In una intervista a tutto campo a poche ore dal G20 del Giappone, la furia di Trump si scaglia anche contro i social media «democratici» che cercano di manipolare le elezioni del 2020 e complicargli la strada per veicolare il suo messaggio. «Gli Stati Uniti dovrebbero fare causa a Google e Facebook, forse lo faremo» dice ai microfoni di Fox, criticando la commissaria alla concorrenza europea, Margarethe Vestager, per il pugno duro usato con le grandi aziende tecnologiche americane. «Odia gli Stati Uniti, li odia più di chiunque abbia mai incontrato», spiega Trump.

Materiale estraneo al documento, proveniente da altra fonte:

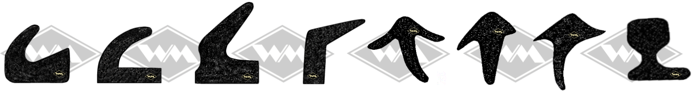
3002 B/H=17/16 mm 31029 B/H=17/16 mm 3321 B/H=16,5/22 mm 31672 B/H=7/21 mm 31034 H=17 mm 31680 H=20 mm 31681 H=21 mm 31027 H=18 mm

überwiegend offenzellige Struktur mit dichter Außenhaut
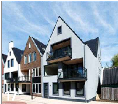
17 Ontsluiting van wooneenheden op begane grond aan voorzijde complex

Secondo l'inquilino della Casa Bianca gioverebbe «avere Draghi» alla Fed invece che Powell, e questo perché il presidente della Bce ha aperto a nuovi stimoli all'economia qualora fossero necessari. Stimoli che solo nelle scorse settimane Trump ha bollato coma manipolazione di valuta in quanto in grado di avvantaggiare «ingiustamente» l'Europa contro gli Stati Uniti. Ora però Trump l'apertura di Draghi a scendere in campo a sostegno dell'economia la vorrebbe dal presidente della Fed, impegnato invece ad «aspirare denaro come un'aspirapolvere» con il piano di riduzione del bilancio. Powell è un «ragazzo di cui nessuno aveva sentito parlare prima. Io l'ho creato e ora lui vuole mostrare quanto è duro», aggiunge il presidente americano, criticando i rialzi dei tassi decisi dalla banca centrale americana nel 2018.

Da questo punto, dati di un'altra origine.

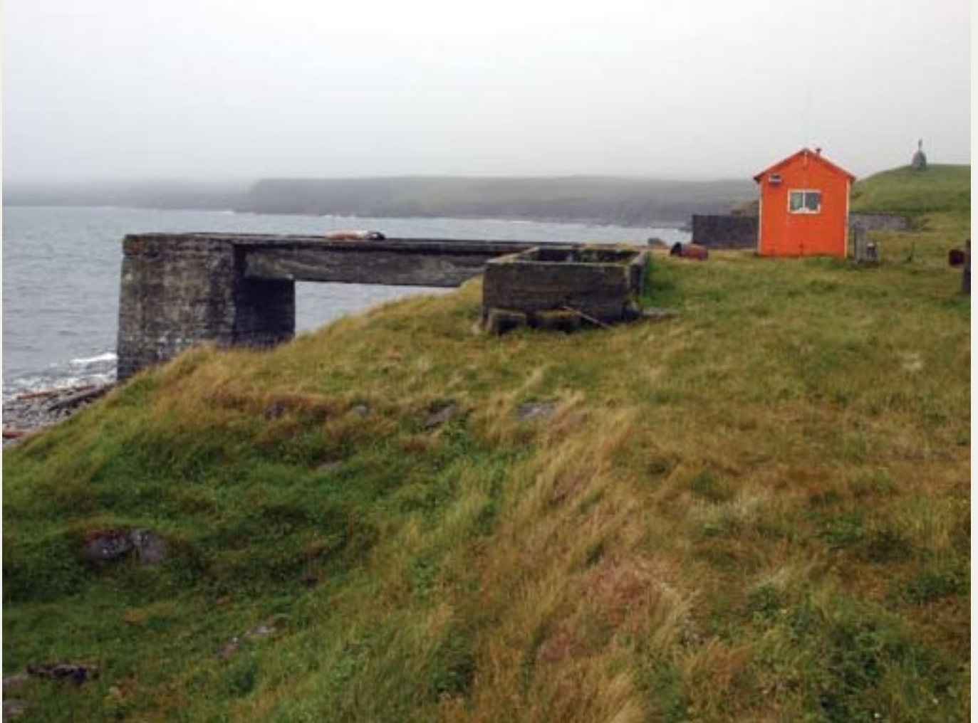
Willem van Blijderveen.

Con le sue ripetute critiche Trump sceglie di ignorare il cambio di rotta della Fed, pronta a tagliare i tassi forse già in luglio alla luce delle persistenti incertezze, molte delle quali create dallo stesso Trump con la sua guerra commerciale. Proprio su questo fronte il presidente americano non molla: «Ho un piano B» qualora non ci fosse un accordo con la Cina, dice. E il piano include nuovi dazi, forse «non al 25% ma al 10%».

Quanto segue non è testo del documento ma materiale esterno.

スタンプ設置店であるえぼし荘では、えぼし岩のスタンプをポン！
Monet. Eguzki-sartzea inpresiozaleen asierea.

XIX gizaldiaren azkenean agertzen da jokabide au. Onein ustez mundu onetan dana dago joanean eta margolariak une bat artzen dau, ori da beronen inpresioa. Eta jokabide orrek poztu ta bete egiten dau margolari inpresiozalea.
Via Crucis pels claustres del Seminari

L'ira di Trump non travolge solo Powell. Nel mirino finiscono anche le aziende tecnologiche «faziose» e «tutte
democratiche». Il presidente se la prende soprattutto con Google e Facebook, nei confronti delle quali gli Stati Uniti potrebbero presentare un'azione legale. Il tycoon non specifica i motivi della causa, ma il solo paventarla aumenta il pressing sulle big tech già criticate dal Congresso e 'candidatè a possibili indagini antitrust da parte del Dipartimento di Giustizia e della Federal Communications Commission.